◆ Data shown

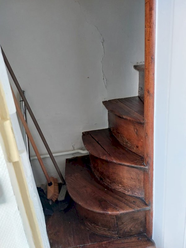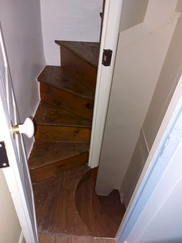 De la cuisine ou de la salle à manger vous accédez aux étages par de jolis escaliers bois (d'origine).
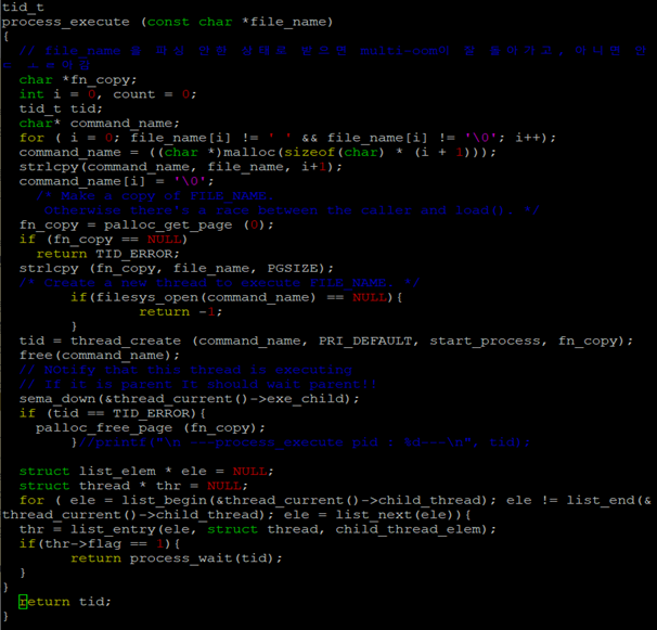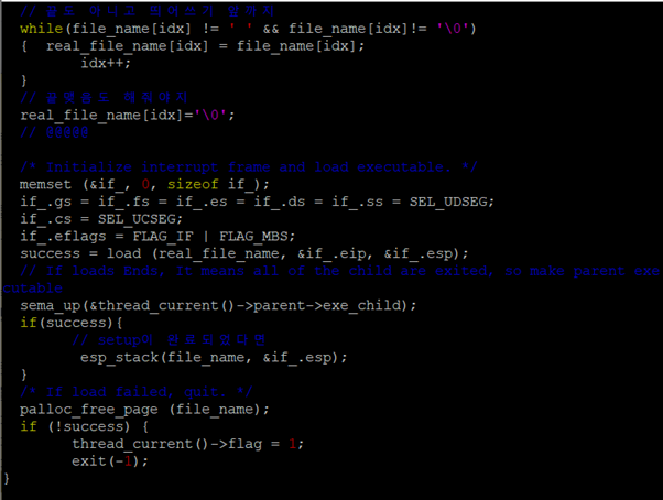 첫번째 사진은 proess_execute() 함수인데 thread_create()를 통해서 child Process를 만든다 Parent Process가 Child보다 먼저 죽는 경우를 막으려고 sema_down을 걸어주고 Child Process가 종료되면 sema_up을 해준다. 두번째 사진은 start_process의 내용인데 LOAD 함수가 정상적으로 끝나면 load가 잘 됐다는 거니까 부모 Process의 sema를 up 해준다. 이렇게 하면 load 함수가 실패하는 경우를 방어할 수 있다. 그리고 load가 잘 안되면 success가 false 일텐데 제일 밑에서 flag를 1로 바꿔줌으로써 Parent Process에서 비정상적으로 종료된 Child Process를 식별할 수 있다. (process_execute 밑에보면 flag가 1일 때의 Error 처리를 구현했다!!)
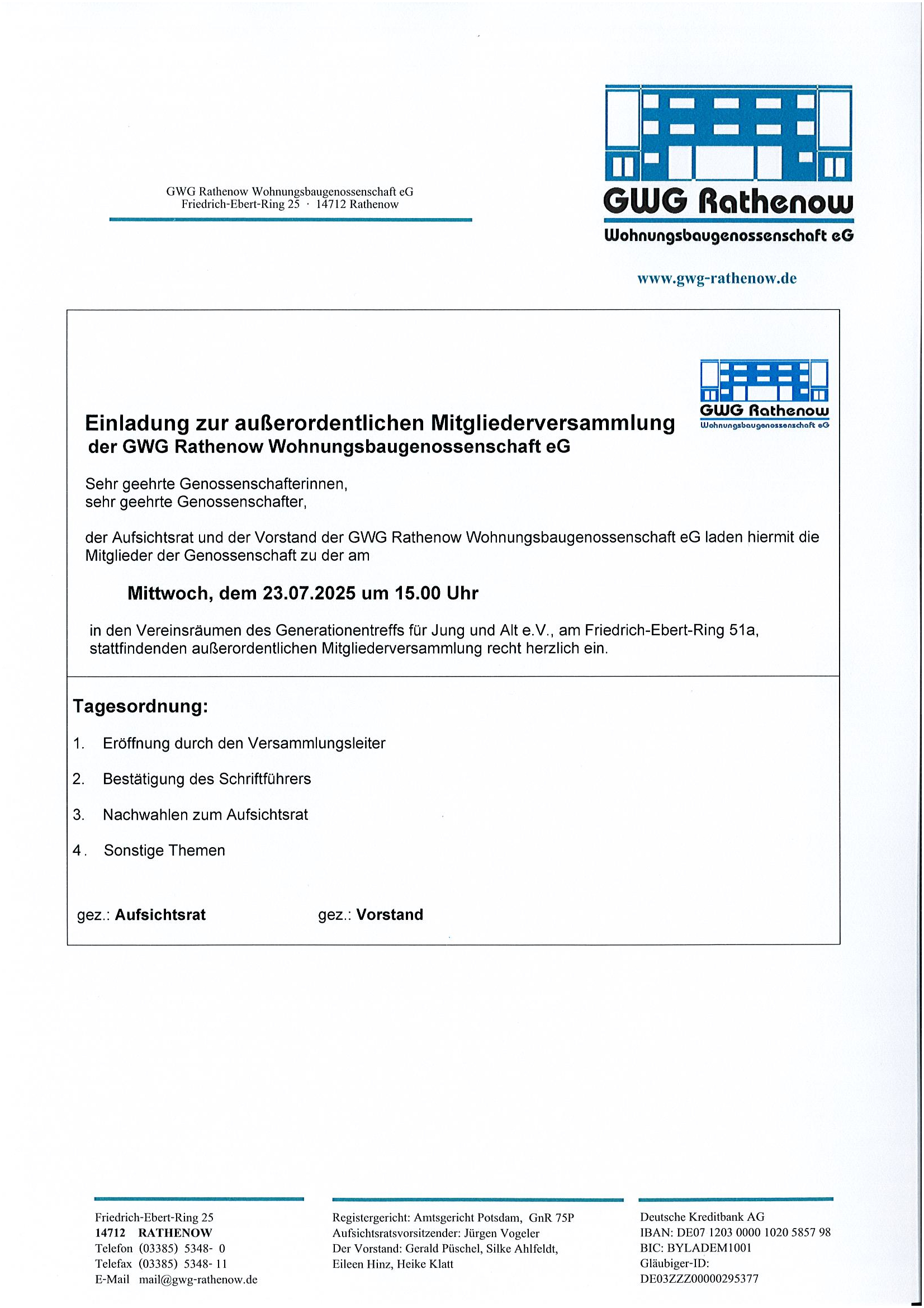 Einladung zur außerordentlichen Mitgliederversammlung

--

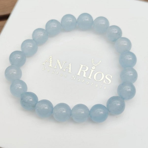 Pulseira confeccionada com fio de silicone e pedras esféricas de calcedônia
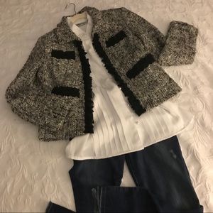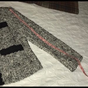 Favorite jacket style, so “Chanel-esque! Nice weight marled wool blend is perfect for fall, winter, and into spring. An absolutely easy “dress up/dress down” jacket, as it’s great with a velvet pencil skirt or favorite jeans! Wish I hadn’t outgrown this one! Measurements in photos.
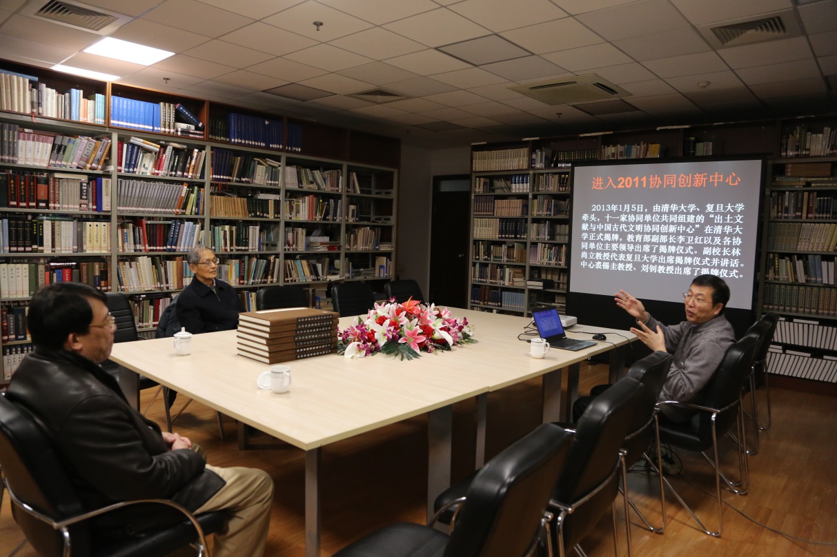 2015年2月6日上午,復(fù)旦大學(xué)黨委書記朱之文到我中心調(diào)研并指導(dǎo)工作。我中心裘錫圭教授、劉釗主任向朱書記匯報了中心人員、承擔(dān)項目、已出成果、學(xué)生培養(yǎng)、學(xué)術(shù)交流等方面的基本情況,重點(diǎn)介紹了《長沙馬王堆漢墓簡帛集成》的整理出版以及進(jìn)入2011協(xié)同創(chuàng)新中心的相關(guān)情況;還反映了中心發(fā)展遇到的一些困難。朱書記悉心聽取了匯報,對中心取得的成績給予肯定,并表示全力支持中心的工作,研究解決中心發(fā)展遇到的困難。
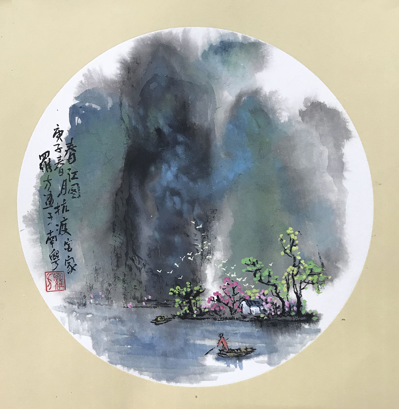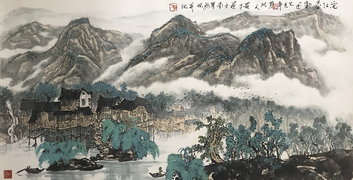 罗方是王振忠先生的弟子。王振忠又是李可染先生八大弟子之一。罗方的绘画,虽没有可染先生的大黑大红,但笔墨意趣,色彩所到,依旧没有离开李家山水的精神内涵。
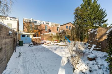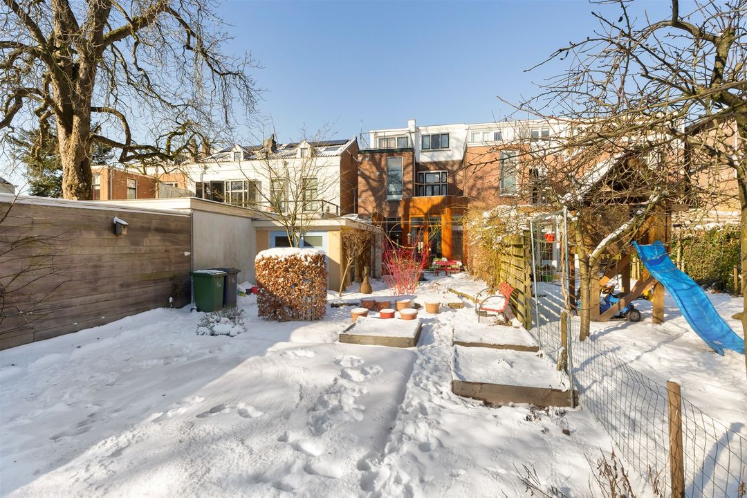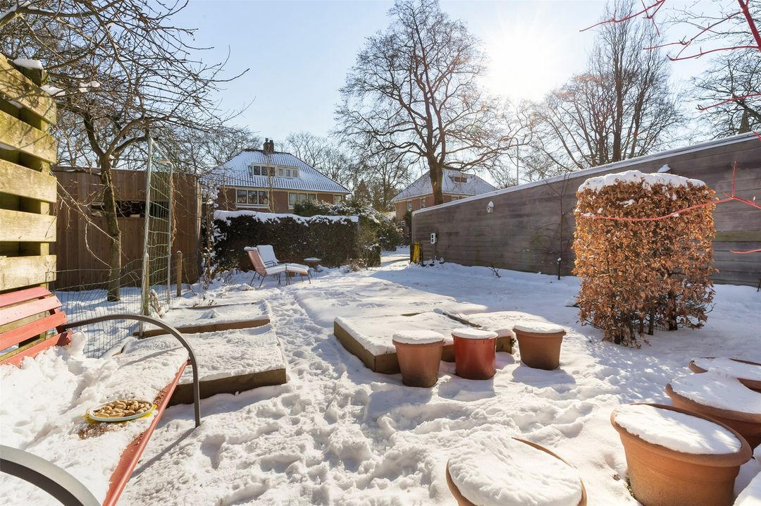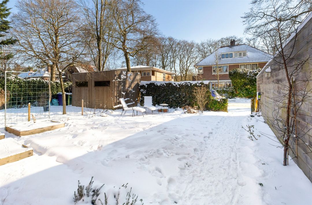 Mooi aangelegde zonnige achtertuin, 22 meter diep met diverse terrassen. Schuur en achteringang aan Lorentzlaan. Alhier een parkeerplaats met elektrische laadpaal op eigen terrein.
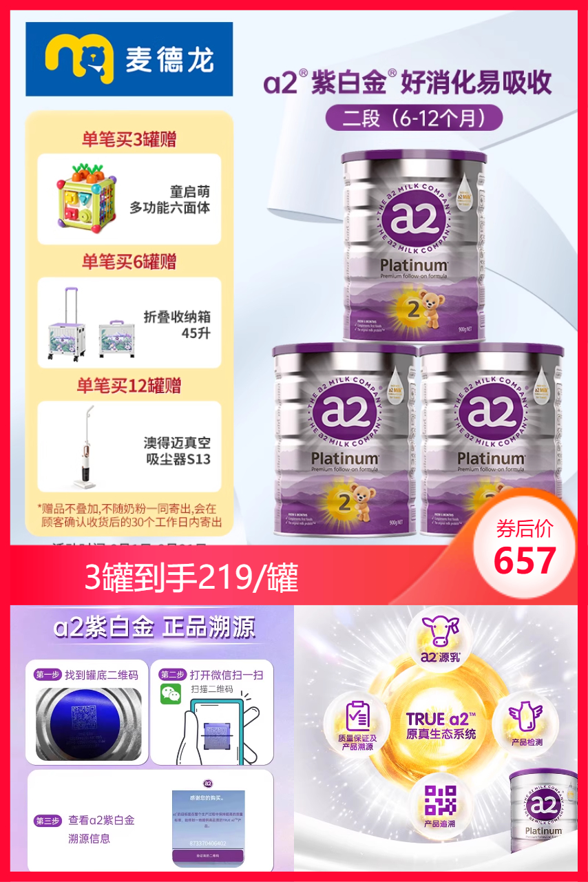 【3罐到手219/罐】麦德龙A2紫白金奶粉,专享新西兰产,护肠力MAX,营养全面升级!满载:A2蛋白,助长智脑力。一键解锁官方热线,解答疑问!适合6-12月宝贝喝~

...

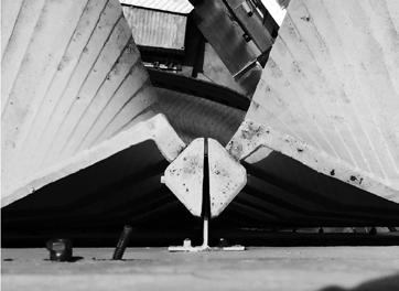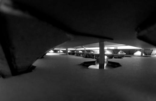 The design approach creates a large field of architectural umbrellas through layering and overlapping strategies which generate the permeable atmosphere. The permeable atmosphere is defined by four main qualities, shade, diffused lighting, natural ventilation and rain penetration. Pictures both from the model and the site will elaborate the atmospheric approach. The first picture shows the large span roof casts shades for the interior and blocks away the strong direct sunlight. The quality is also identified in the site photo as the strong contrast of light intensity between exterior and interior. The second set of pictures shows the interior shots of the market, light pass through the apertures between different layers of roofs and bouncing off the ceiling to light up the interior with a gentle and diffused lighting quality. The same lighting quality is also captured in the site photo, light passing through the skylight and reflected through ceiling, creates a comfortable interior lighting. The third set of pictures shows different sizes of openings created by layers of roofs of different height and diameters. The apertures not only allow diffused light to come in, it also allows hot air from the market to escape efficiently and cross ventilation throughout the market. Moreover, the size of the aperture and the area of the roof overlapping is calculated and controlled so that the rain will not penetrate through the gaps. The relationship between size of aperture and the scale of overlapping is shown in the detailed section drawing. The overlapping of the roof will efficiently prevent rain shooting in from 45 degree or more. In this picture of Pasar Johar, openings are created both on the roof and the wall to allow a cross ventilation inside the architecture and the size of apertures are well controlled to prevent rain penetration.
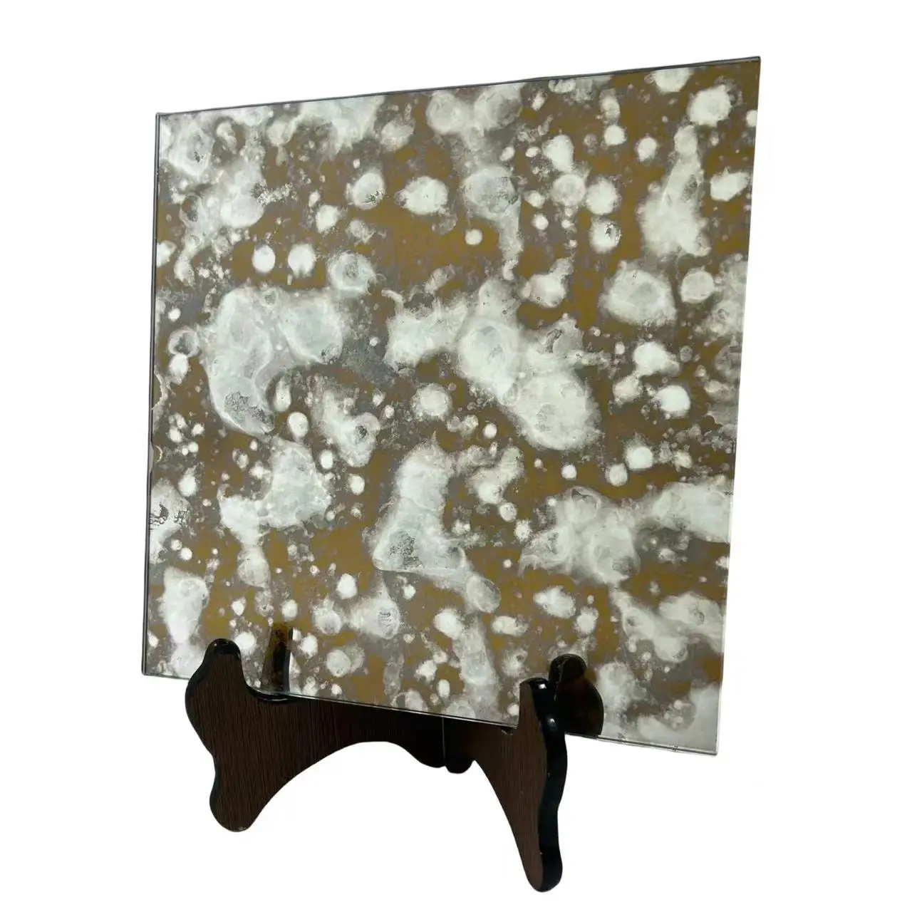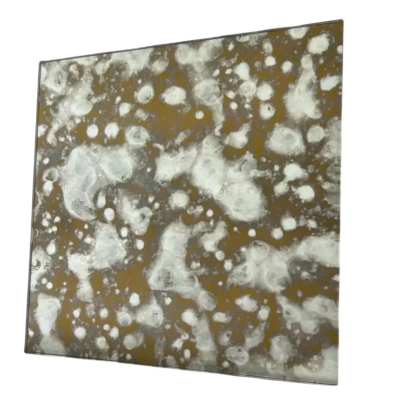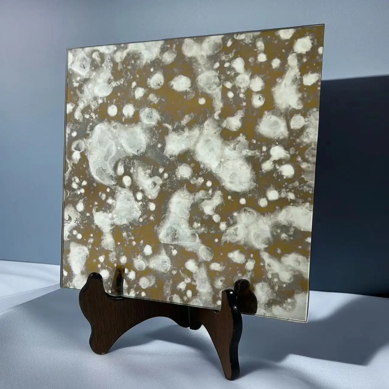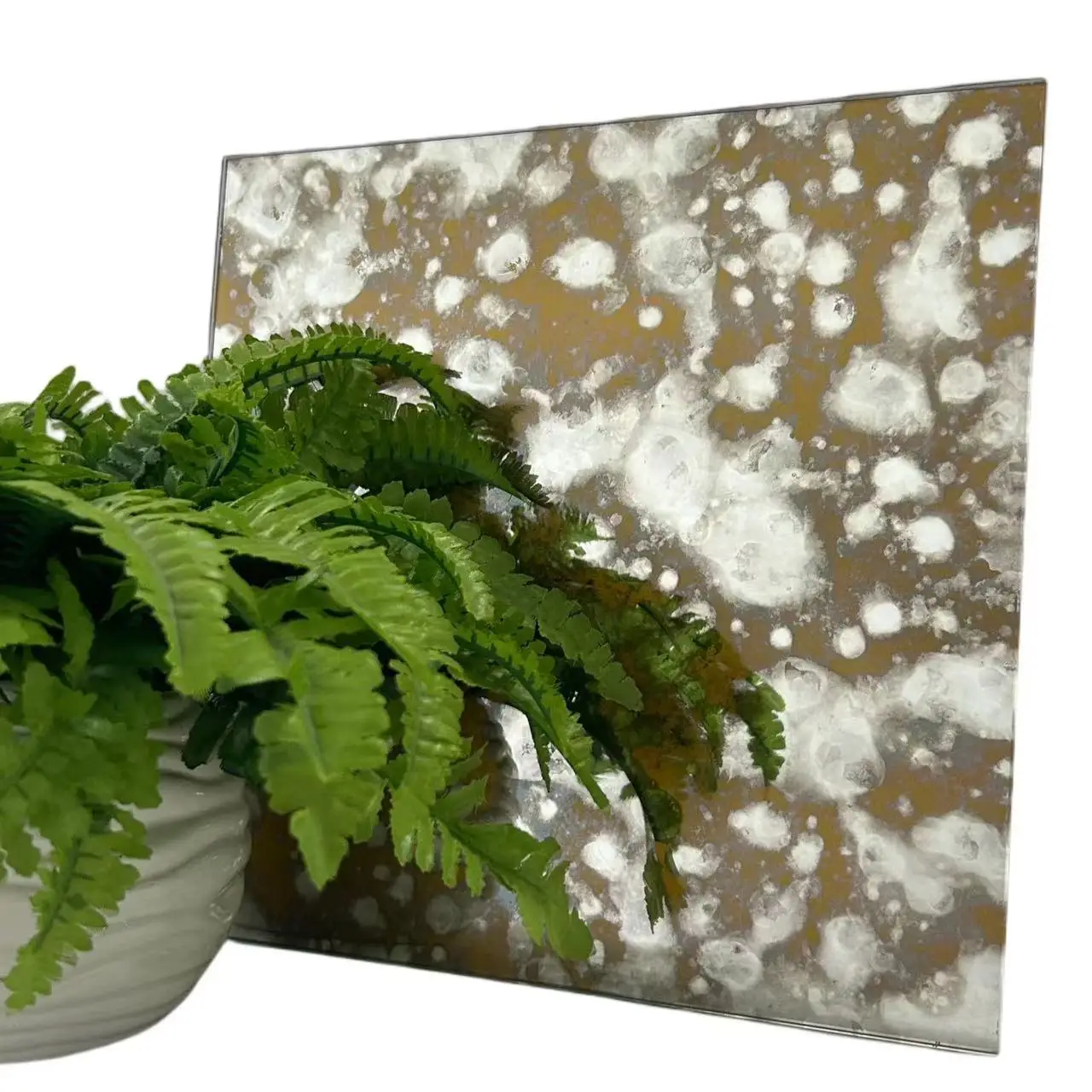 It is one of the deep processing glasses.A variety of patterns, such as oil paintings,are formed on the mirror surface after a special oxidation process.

◆ Exercise directions
In the listing above, find the line containing "De la cuisine" and the line containing "Einladung zur außerordentlichen", then return both of them and every line between, exactly, without pictures.

◆ Reply to the task
 De la cuisine ou de la salle à manger vous accédez aux étages par de jolis escaliers bois (d'origine).
 첫번째 사진은 proess_execute() 함수인데 thread_create()를 통해서 child Process를 만든다 Parent Process가 Child보다 먼저 죽는 경우를 막으려고 sema_down을 걸어주고 Child Process가 종료되면 sema_up을 해준다. 두번째 사진은 start_process의 내용인데 LOAD 함수가 정상적으로 끝나면 load가 잘 됐다는 거니까 부모 Process의 sema를 up 해준다. 이렇게 하면 load 함수가 실패하는 경우를 방어할 수 있다. 그리고 load가 잘 안되면 success가 false 일텐데 제일 밑에서 flag를 1로 바꿔줌으로써 Parent Process에서 비정상적으로 종료된 Child Process를 식별할 수 있다. (process_execute 밑에보면 flag가 1일 때의 Error 처리를 구현했다!!)
 Einladung zur außerordentlichen Mitgliederversammlung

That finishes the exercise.